═══ Given data ═══
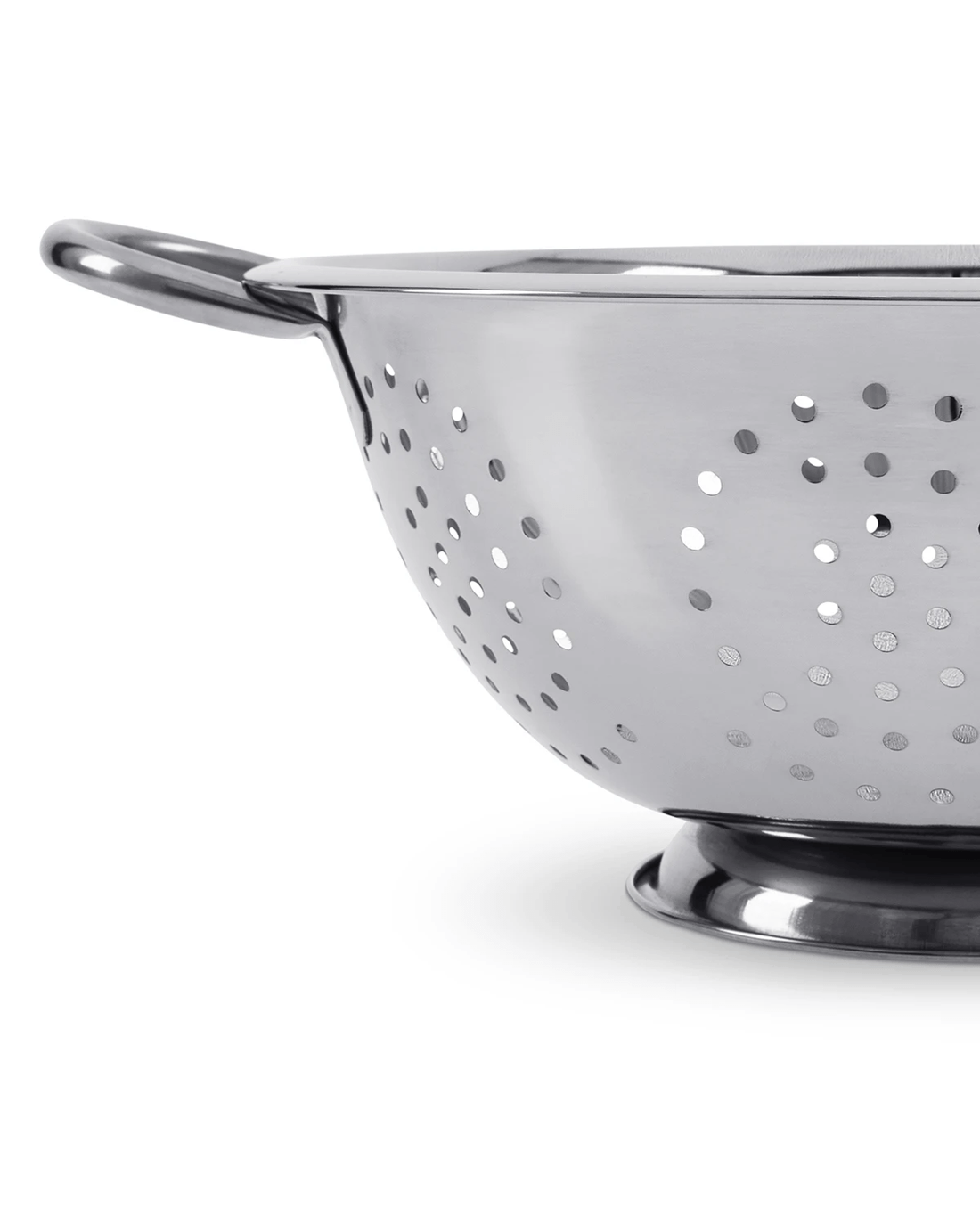 Shiny Mirror Finish: The colander features a polished mirror finish that gives it a clean, reflective look, making it a presentable addition to both modern and classic kitchen spaces.
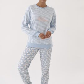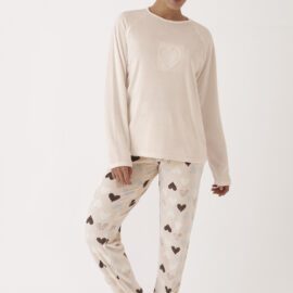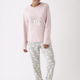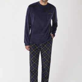 Pijama con camiseta lisa con cuello redondo y pantalón a cuadros y puños.
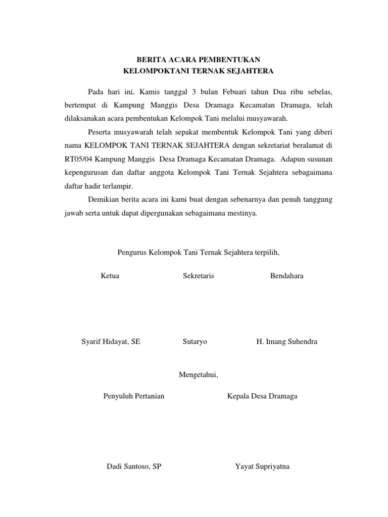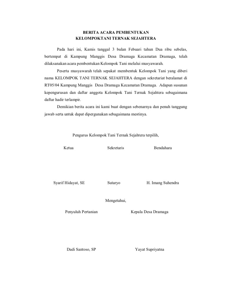Pembentukan kelompok tani harus melibatkan petani dalam wilayah tersebut secara luas sejak awal. Gambar 6.2 fgd kelompok wanita tani dahlia tentang. 37 full pdfs related to this paper. Asosiasi komoditas pertanian adalah kumpulan dari petani, kelompok tani, dan/atau gabungan kelompok tani untuk memperjuangkan kepentingan petani. Pembentukan kelompok tani perlu dilaksanakan melalui musyawarah yang selanjutnya dituangkan dalam berita acara pembentukan kelompok tani. Ayu kumala sari 135130018 program studi agribisnis fakultas pertanian universitas pembangunan. Ketua kelompok tani karunia, mantri tani kec. Berdasarkan analisis, tujuan pelaksanaan program kemitraan masyarakat adalah untuk mengetahui Berita acara pembentukan kelompok 3. Sebagian besar kelompok tani yang ada masih dalam taraf pembentukan kelompok, secara formal memiliki seorang pemimpin namun kontak tani masih belum aktif dan kegiatan kelompoknya bersifat informatif. Syahyuti, 2012 dalam analisis kritis terhadap permentan no. Nagrak desa sindangraja kecamatan jamanis t. Gabungan kelompok tani yang selanjutnya disebut gapoktan adalah kumpulan beberapa kelompok tani yang bergabung dan bekerjasama untuk meningkatkan skala ekonomi dan efisiensi usaha.
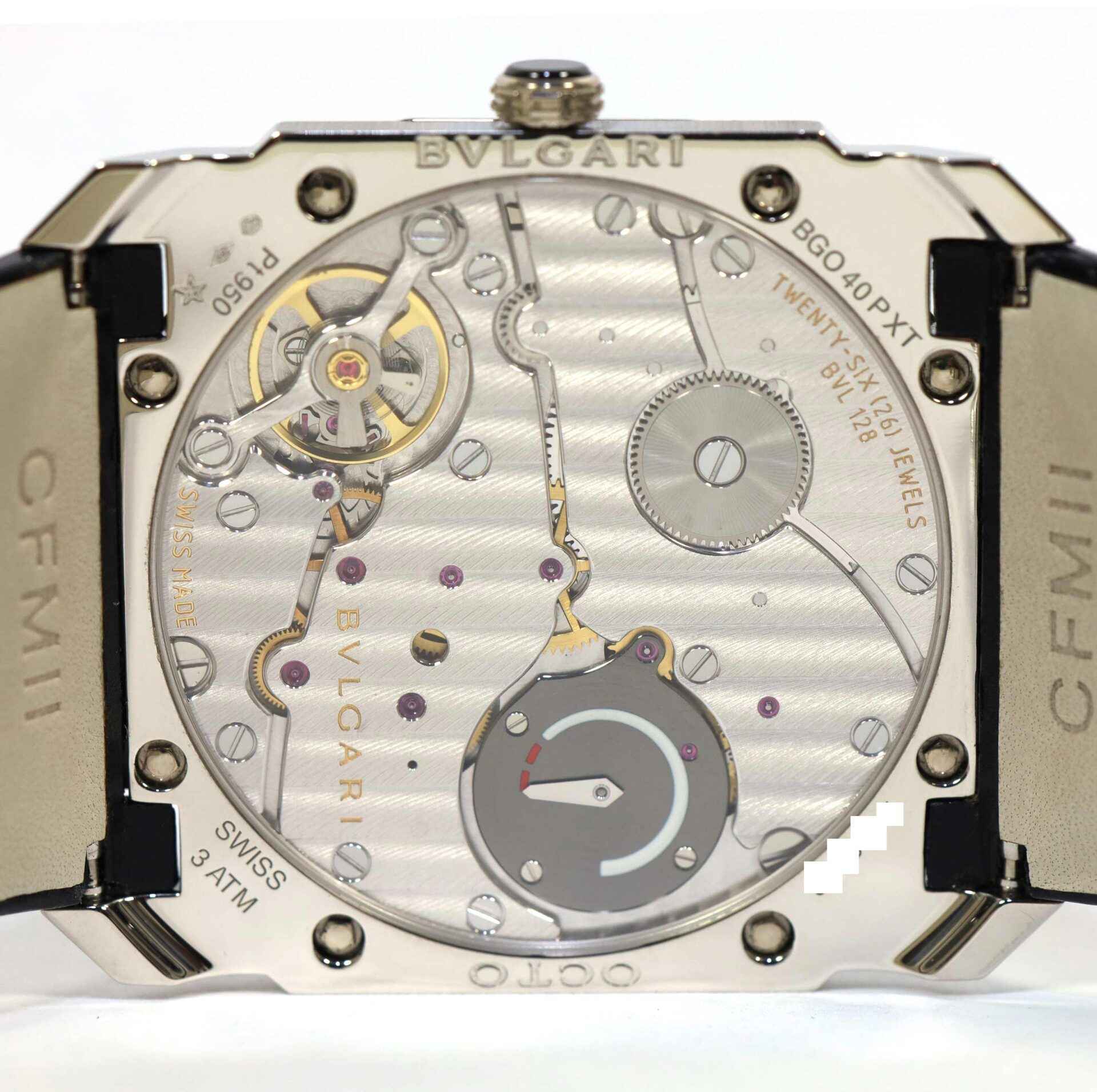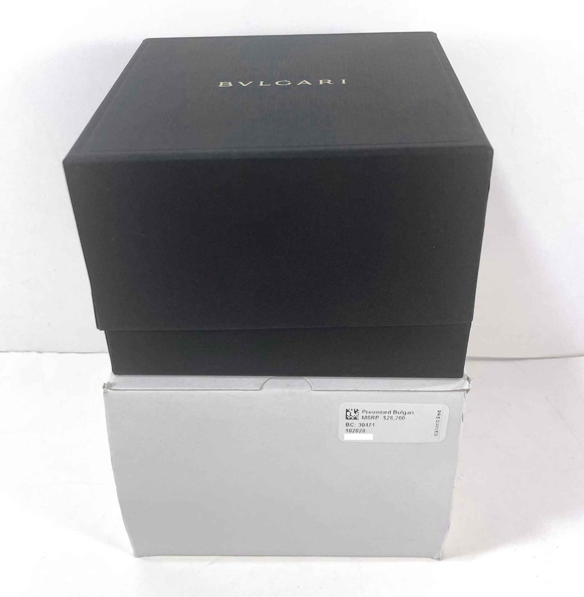 This Bulgari is in excellent condition and comes with it box and warranty card as shown in the pictures attached. This watch features a 40mm platinum case that surrounds a black dial on a black leather bracelet. This watc...
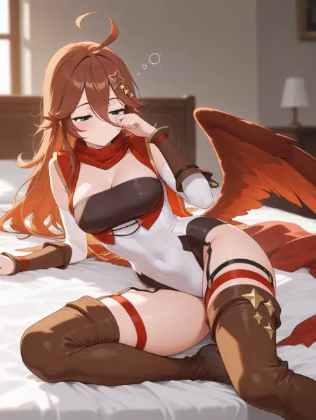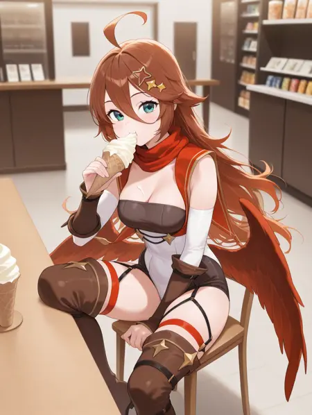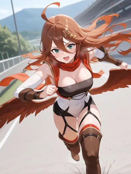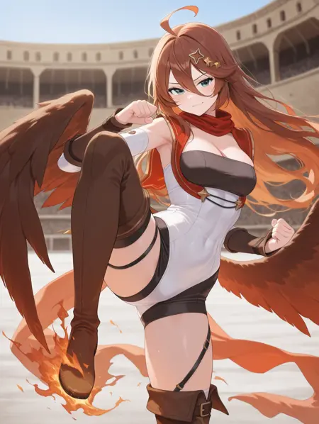 scintilla, 1girl, solo, 갈색 머리카락, 긴 머리카락, ahoge, 눈 사이 머리카락, 녹색 눈, 날개, 중간 크기 가슴, 가슴 사이 틈, 머리 장식, 빨간 스카프, 스카프, 별(기호), 허벅지 홀더, 분리형 소매, 별 모양 머리 장식, 레오타드, 허벅지 긴 양말, 갈색 신발, 부츠, 허벅지 부츠,
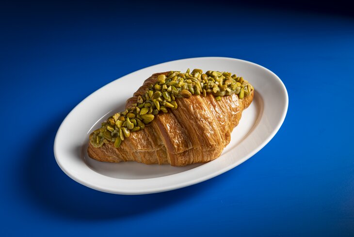 Топовым сочетанием фисташки и малины наполнили пышные круассаны. На вкус в меру сладко, нежно и с яркой кислинкой.
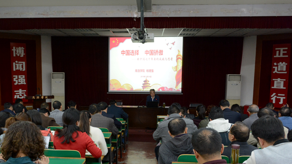 为深入开展“不忘初心、牢记使命”主题教育,深化党史、新中国史学习,引导党员不断增强守初心、担使命的思想自觉和行动自觉,10月16日,今年会官网机关一党总支、机关二党总支,图书馆直属党支部联合举办“学习党史新中国史”专题报告会。120余名教职工党员听取报告、接受教育。
═══
* **Your instructions**: Beginning with the line that contains "Топовым сочетанием фисташки", output each line of the material above through the last one exactly as it stands. Do not include the pictures.

* **Response to this exercise**:
 Топовым сочетанием фисташки и малины наполнили пышные круассаны. На вкус в меру сладко, нежно и с яркой кислинкой.
 为深入开展“不忘初心、牢记使命”主题教育,深化党史、新中国史学习,引导党员不断增强守初心、担使命的思想自觉和行动自觉,10月16日,今年会官网机关一党总支、机关二党总支,图书馆直属党支部联合举办“学习党史新中国史”专题报告会。120余名教职工党员听取报告、接受教育。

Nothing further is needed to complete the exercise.